Input material START

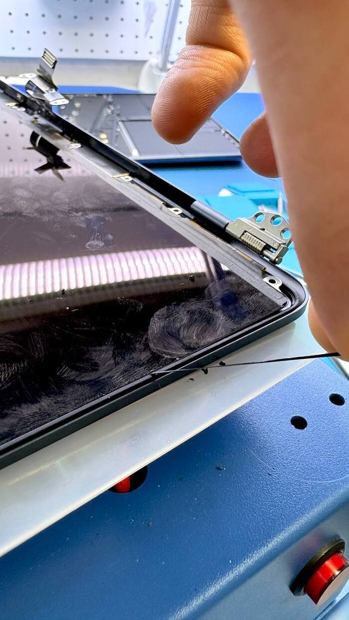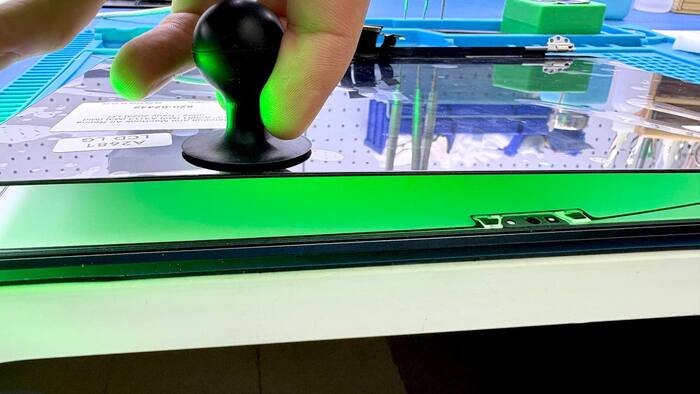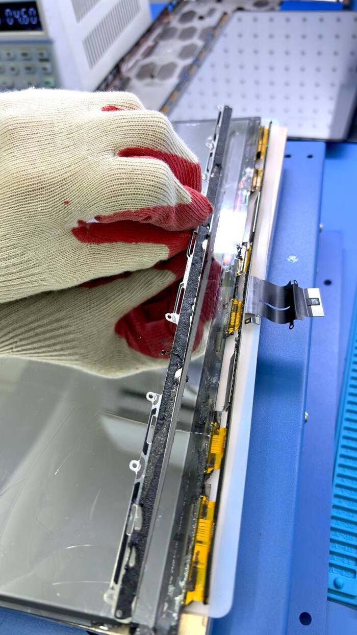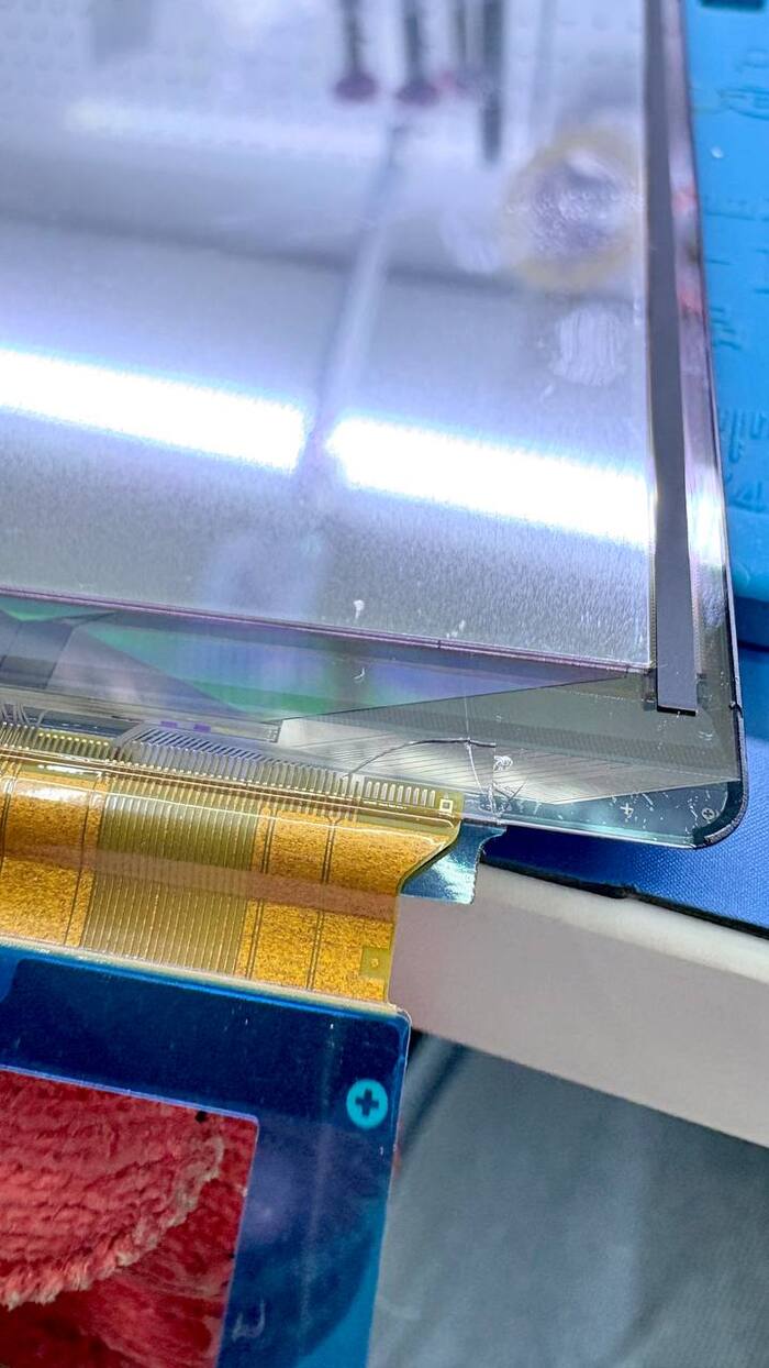 Малейшее лишнее усилие — и стекло начинает крошиться. Мелкие осколки могут попасть на подсветку, и тогда придётся менять уже и её.
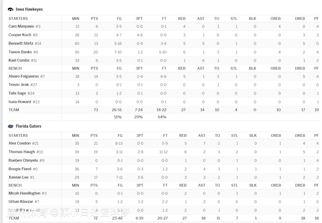 爱荷华大学的班克斯30分钟,10中7,三分2中1,拿到20分6篮板1助攻1抢断,命中率70%;全队有4人上双,爱荷华大学打得更团队一些。
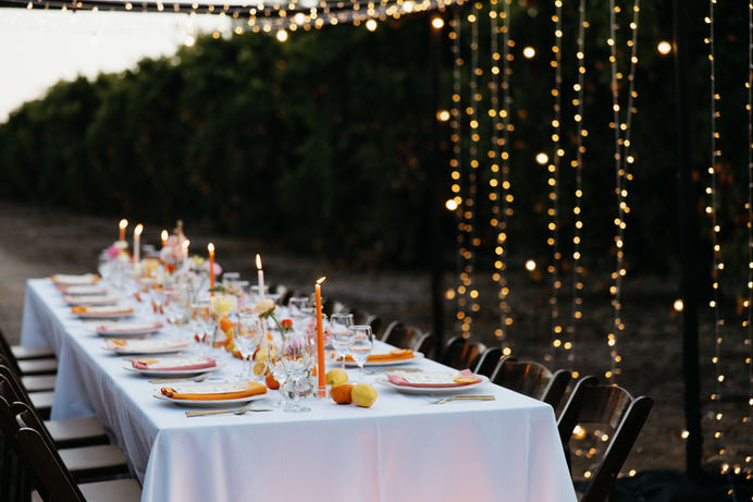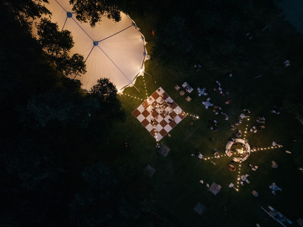 All string lighting, canopy of lights and waterfall lighting is custom as it's based on your exact space and design. We install lighting at many venues and can usually quote lighting at venues without the need for a site visit unless it is a very custom request. Private residence quoting usually requires a site visit for measurements. Reach out to us on our Inquiry Form to inqure about adding lighting to your next event!
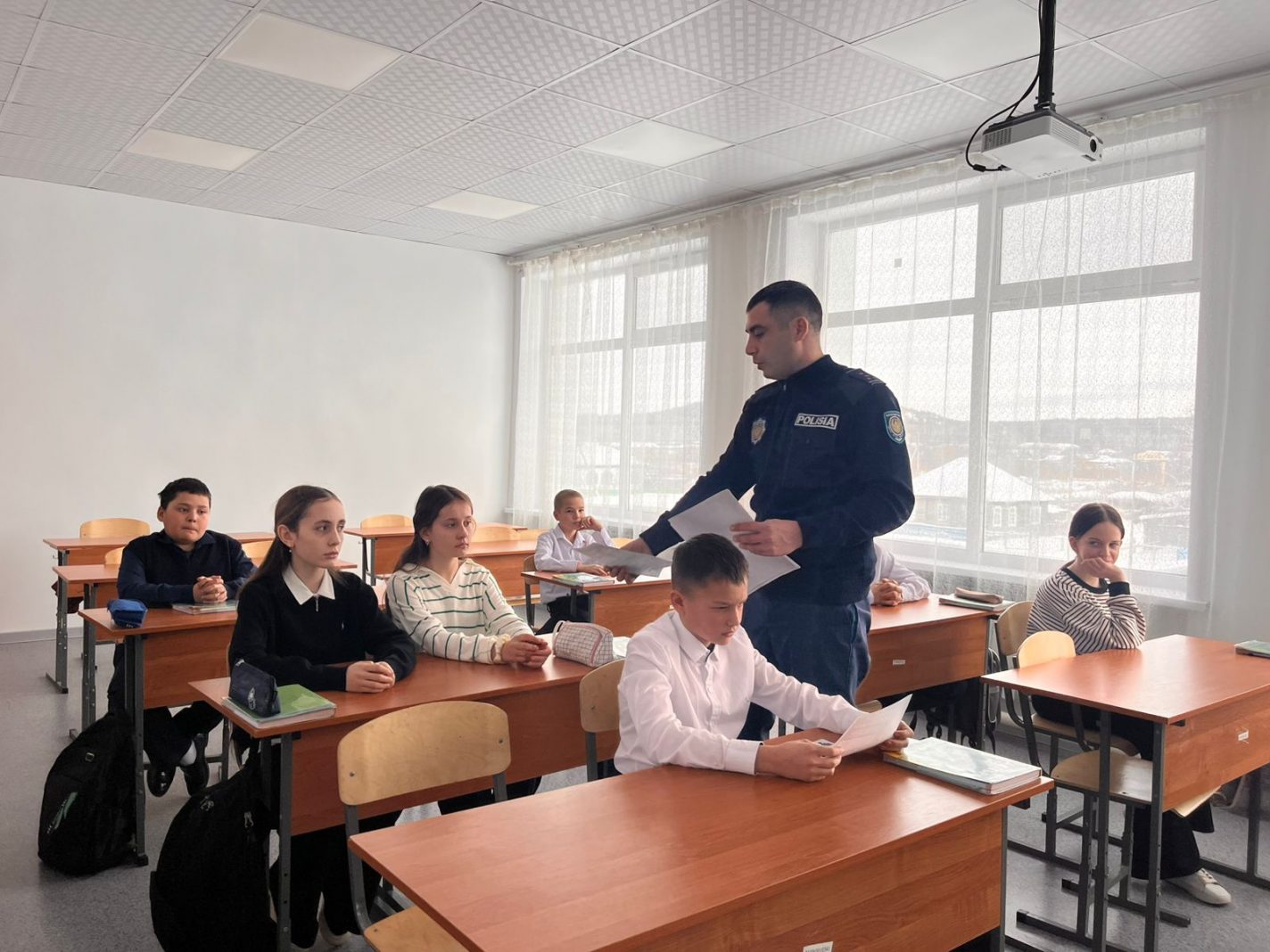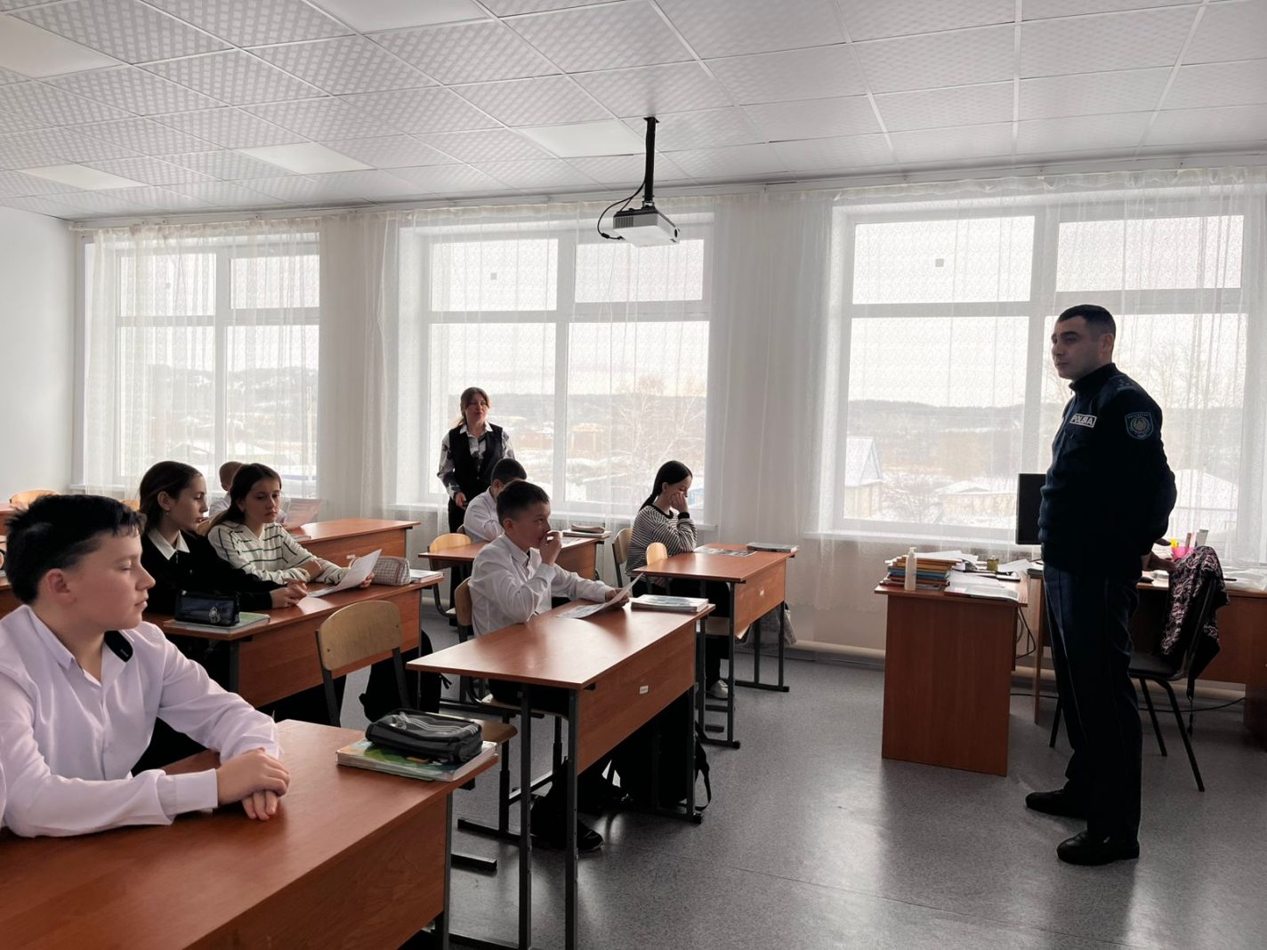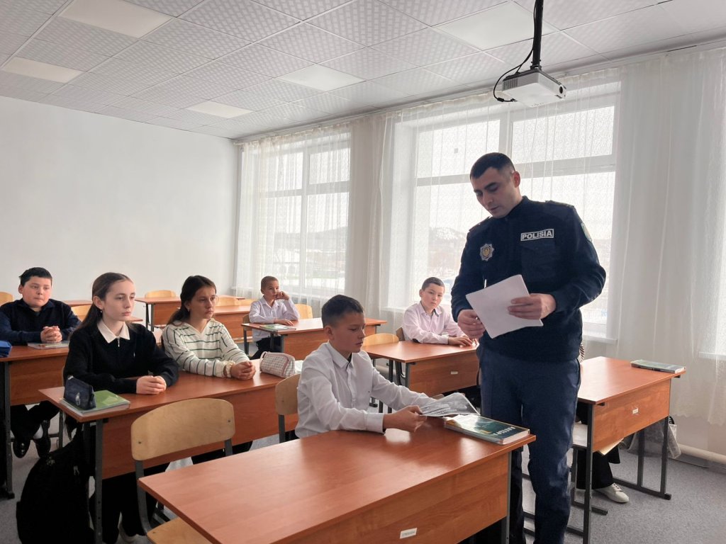 «Заң және тәртіп» айлығы аясында оқушылармен өткізілген ақпараттық-профилактикалық әңгіме
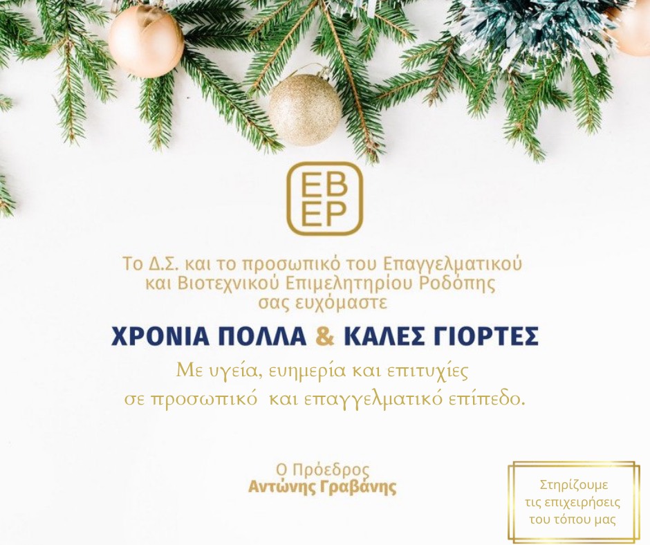 Ο Πρόεδρος, Αντώνης Γραβάνης, το Δ.Σ και το προσωπικό του Επαγγελματικού και Βιοτεχνικού Επιμελητηρίου Κομοτηνής, σας ευχόμαστε καλές γιορτές με υγεία, ελπίδα και ευημερία.
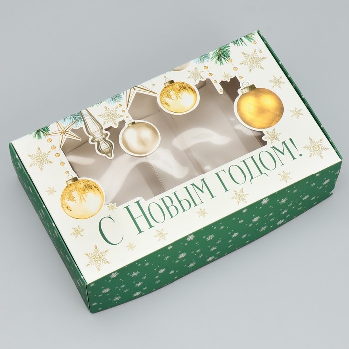 Коробка для эклеров с вкладышами - 5 шт «С Новым Годом!», 25,2 х 15 х 7 см, Новый год
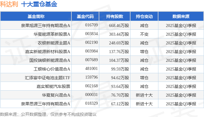 持有科达利最多的基金为泉果旭源三年持有期混合A,目前规模为163.29亿元,最新净值1.1259(10月29日),较上一交易日上涨2.32%,近一年上涨37.46%。该基金现任基金经理为赵诣。
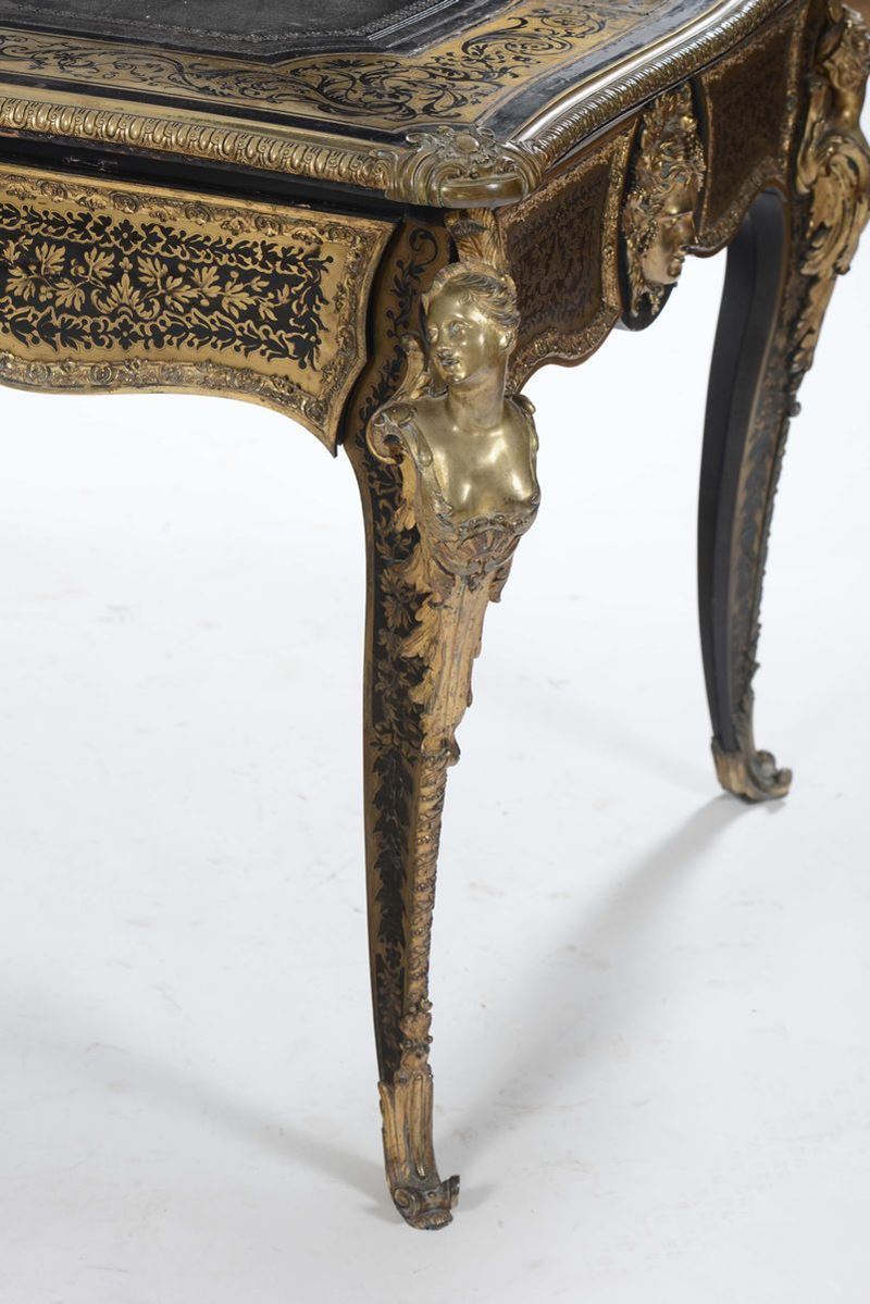 Bureau-plat Boulle in legno ebanizzato e bronzi dorati, Francia XIX secolo

Input material END

» **Task item**
An exact copy is required of the lines from the start of the records above through the line with "өткізілген ақпараттық-профилактикалық әңгіме", and only those, without any pictures.

» **Solution to this problem**
 Малейшее лишнее усилие — и стекло начинает крошиться. Мелкие осколки могут попасть на подсветку, и тогда придётся менять уже и её.
 爱荷华大学的班克斯30分钟,10中7,三分2中1,拿到20分6篮板1助攻1抢断,命中率70%;全队有4人上双,爱荷华大学打得更团队一些。
 All string lighting, canopy of lights and waterfall lighting is custom as it's based on your exact space and design. We install lighting at many venues and can usually quote lighting at venues without the need for a site visit unless it is a very custom request. Private residence quoting usually requires a site visit for measurements. Reach out to us on our Inquiry Form to inqure about adding lighting to your next event!
 «Заң және тәртіп» айлығы аясында оқушылармен өткізілген ақпараттық-профилактикалық әңгіме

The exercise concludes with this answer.